Extracted records:
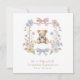 Announce your baby shower with a touch of playful elegance using this charming teddy bear themed invitation. The centerpiece is a delightful teddy bear adorned with a sweet blue bow, surrounded by a beautiful arrangement of pastel flowers and delicate greenery. The elegant script and soft color palette create a sophisticated yet heartwarming feel, perfect for celebrating mom to be's special day. This card is sure to set a joyful tone for your baby shower fun.
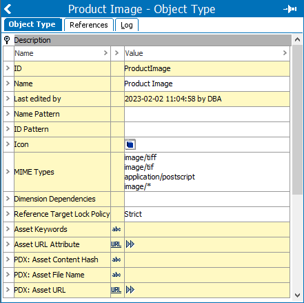 MIME type – By applying a MIME type limitation, retailers can restrict submitted assets to only those with the desired MIME types. For instance, if a retailer wants all instruction manuals associated with the submitted product to be of the .pdf MIME type, the validation applied in the configured product data validation would be ‘application/pdf'. This validation is applied directly on the object type, found under ‘Object Types & Structures' on the ‘System Setup' tab in the workbench. In the example shown in the screenshot below, the object type is 'ProductImage'. In this case, the admin has determined that if images submitted for products are not of the MIME types listed in the 'MIME Types' field, the product cannot be submitted. If possible, PDX will automatically convert the file to one of the valid file formats.
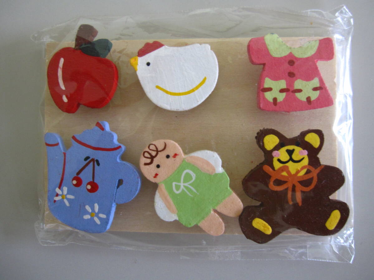 ・商品名 | ★未使用品★ 木製押しピン ハンドメイド テディベア・りんご・にわとり・ワンピース・ポット 妖精 全6種 |
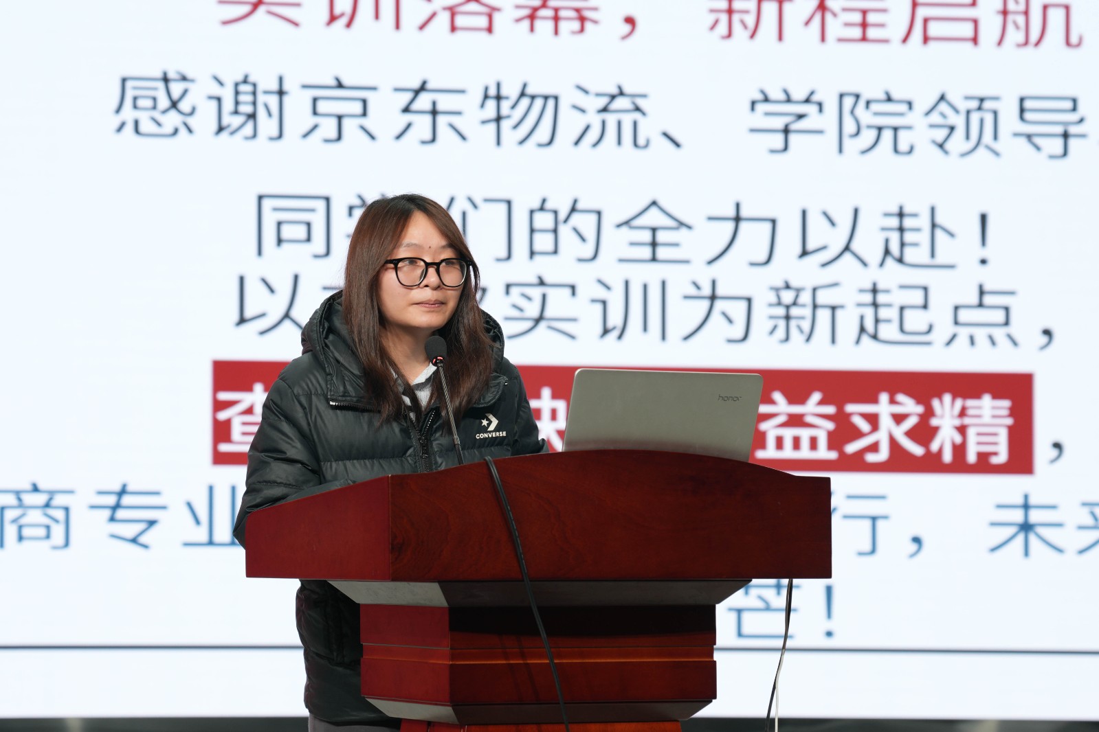 大会对近期京东实训中表现优异的师生进行了表彰。20名同学荣获“京东优秀实习生”称号,10名同学获评“京东卓越实习生”称号,6名教师被授予“京东优秀实习指导教师”称号。2024级电子商务专业张璟玥同学作为获奖学生代表,分享了在京东实习的感悟与成长;信息管理学院杨颖平老师作为教师代表,讲述了在产教融合实践中指导学生、教学相长的体会。
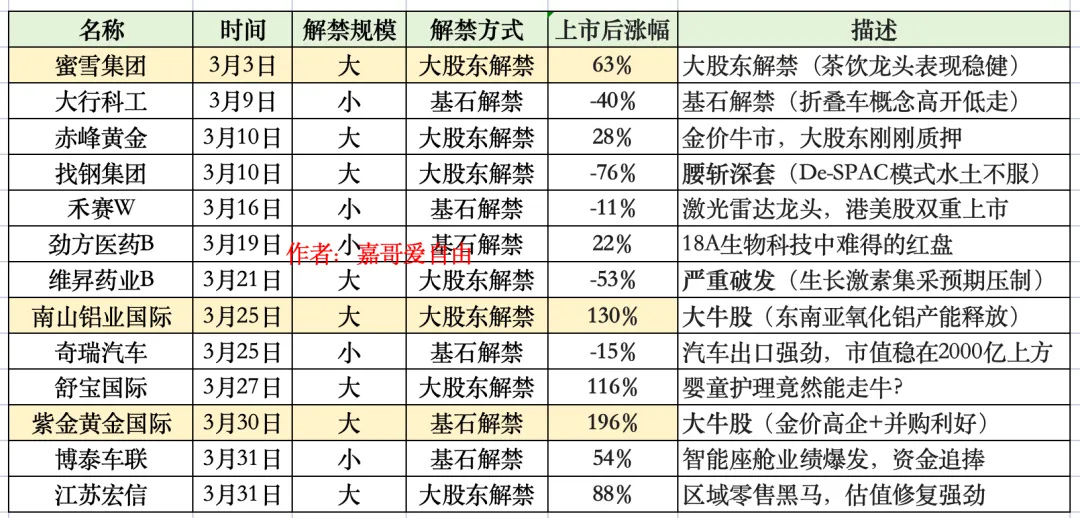10、3月份解禁清单,大家关注+避雷

__WHAT THE TASK REQUIRES__:
The required output is the lines from the one containing "大会对近期京东实训中表现优异" through the end of the records above, reproduced exactly, with no pictures.

__RESPONSE TO THIS TASK__:
 大会对近期京东实训中表现优异的师生进行了表彰。20名同学荣获“京东优秀实习生”称号,10名同学获评“京东卓越实习生”称号,6名教师被授予“京东优秀实习指导教师”称号。2024级电子商务专业张璟玥同学作为获奖学生代表,分享了在京东实习的感悟与成长;信息管理学院杨颖平老师作为教师代表,讲述了在产教融合实践中指导学生、教学相长的体会。
10、3月份解禁清单,大家关注+避雷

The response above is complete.